I am writing this post from Florida - perhaps I'm writing this post because I am in Florida. The hot sun and lush vegetation have thawed my frozen brain. I have longed for a notebook here to jot down the constant array of exquisite stimulation. I have wondered if I would remember upon returning home the way the pigeons, who frequented the beach, had iridescent feathers that shimmered in the sunlight or how the Cypress Trees stretched like barren skeletons dotted with brilliantly colored air plants. In Michigan in the cleansing winter months, our eyes seem to fail. Gone are the wide prairies of buttery dandelions and sugar sand dunes. My sight begins to feel buried beneath a frosted layer of ice until even my inner vision starts to see only white, endless glittering nothingness.

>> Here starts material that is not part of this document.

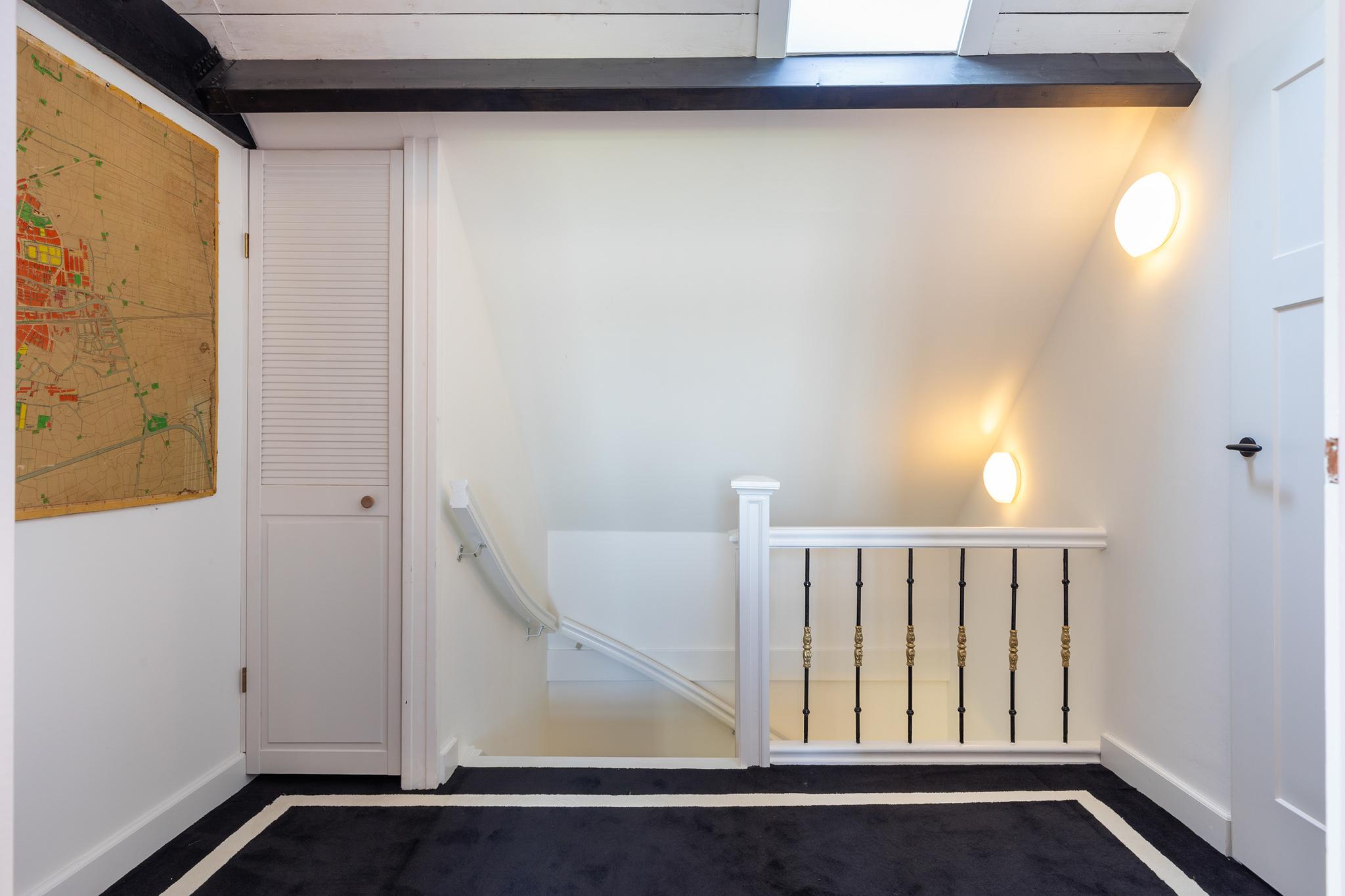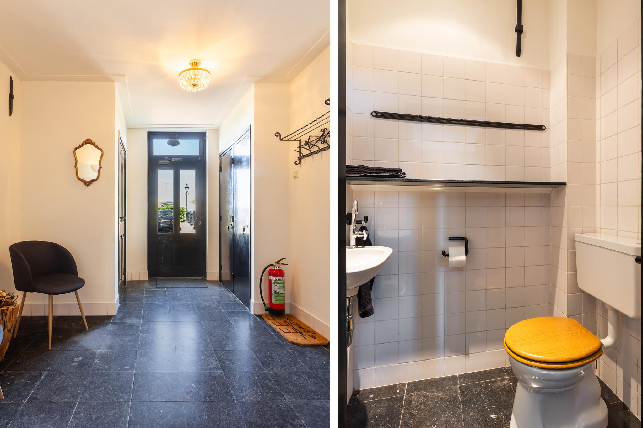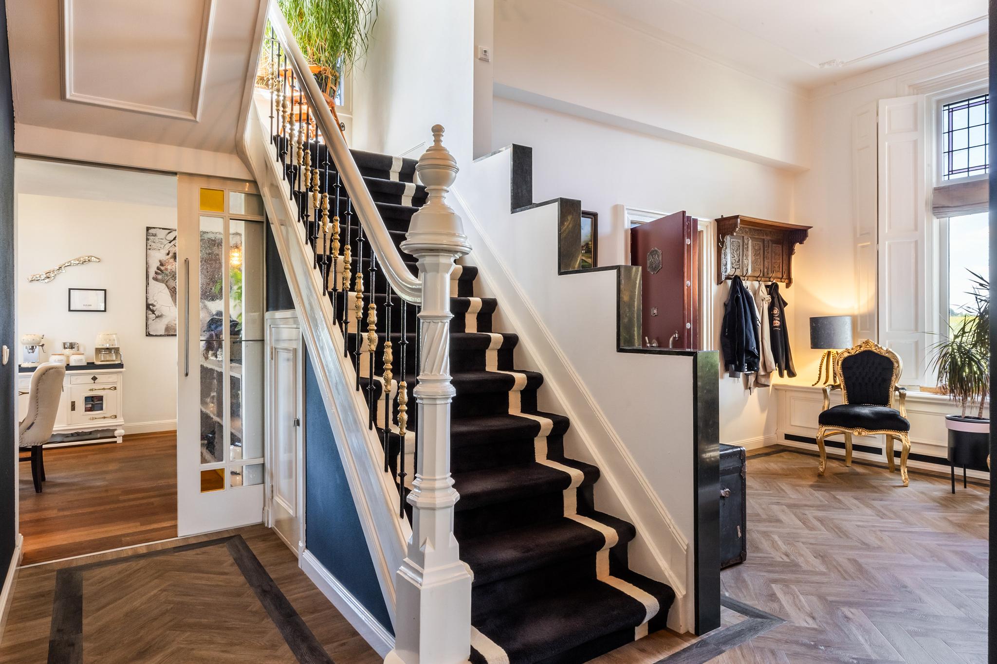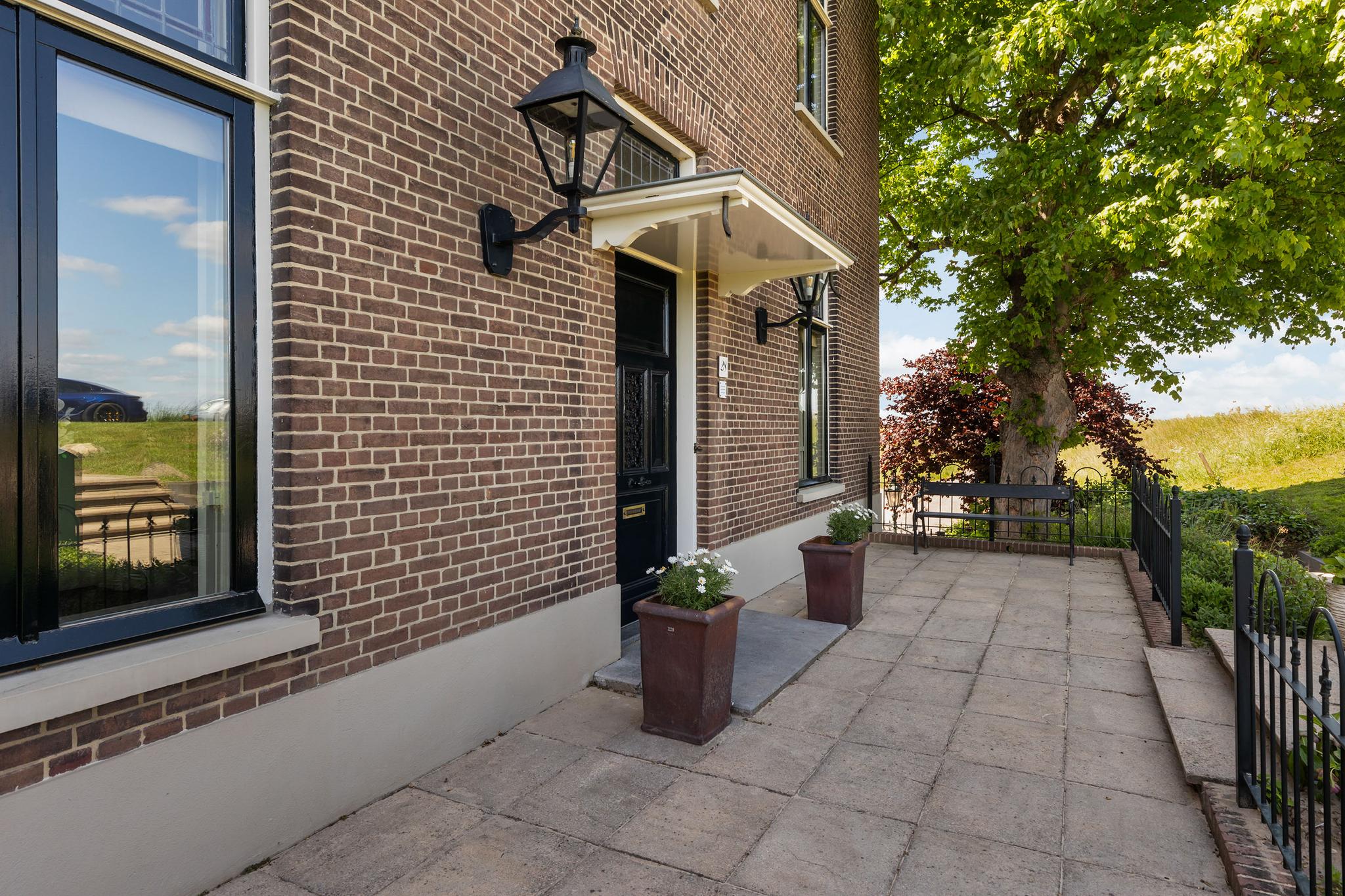 Access to the charming front garden is available via the parking area or directly from the dike, where a staircase with landings leads to the original front door, adorned with wrought-iron railings and flanked by inviting benches – a nod to the property’s elegant past.

Today I look forward to returning home. My mind has had its fill of this glorious dream, so brilliant and overwhelming that I long for the silence of the north woods. I look forward to the blank page and my newly opened mind. I have much to do, mainly Book II in my Born of Shadows Series. Ula: Book I has been turned into the publisher and may need future revisions before publication, but it is blissfully out of my grasp. I also need to begin edits on the chick lit book that I finished months ago and have not looked at since. I have written a few short stories, outlined a few articles, but largely I have allowed the words to fall into the cracks in my sofa and fester with the cat toys and crumbs.
As for reading, I just finished last night Alexandra Fuller's Don't Let's Go to the Dogs Tonight - a memoir about Africa that was deeply moving and left me longing to feel the dry grass and see the bougainvillea. I cannot list any of my other latest reads right now because it is time to begin our final day of the trip and their titles slip my mind.